● ACTIVITY: From the first line of the listing below through the line with "GlaSSDoor表示, F", transcribe exactly and skip the pictures.

● PROVIDED DATA:
[Start of Attachment]

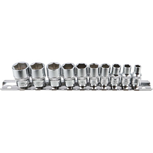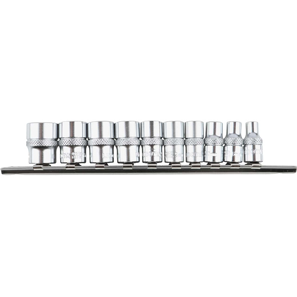 Набор торцевых головок Licota TBS-22001 из хром-ванадиевой стали предназначен для ручного монтажа/демонтажа резьбового крепежа. Набор из 10 предметов на металлическом держателе-линейке.
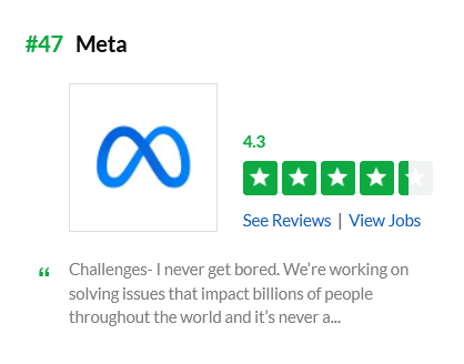GlaSSDoor表示, Facebook员工对公司给予他们工作自主权、提供广泛的福利、让他们有机会开发一款影响广泛的产品,并与他们喜欢的同事一起工作,给予了高度评价。
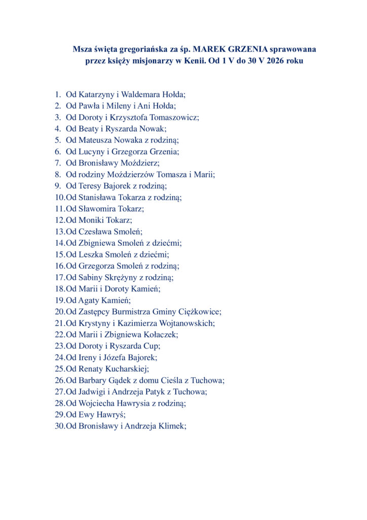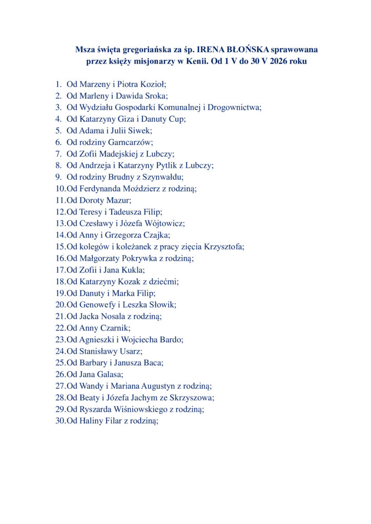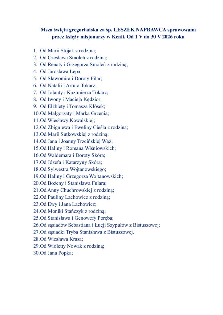 Msze Święte Gregoriańskie sprawowane w Kenii 01-30.05.2026 r.

[End of Attachment]

● SOLUTION TO THIS PROBLEM:
 Набор торцевых головок Licota TBS-22001 из хром-ванадиевой стали предназначен для ручного монтажа/демонтажа резьбового крепежа. Набор из 10 предметов на металлическом держателе-линейке.
GlaSSDoor表示, Facebook员工对公司给予他们工作自主权、提供广泛的福利、让他们有机会开发一款影响广泛的产品,并与他们喜欢的同事一起工作,给予了高度评价。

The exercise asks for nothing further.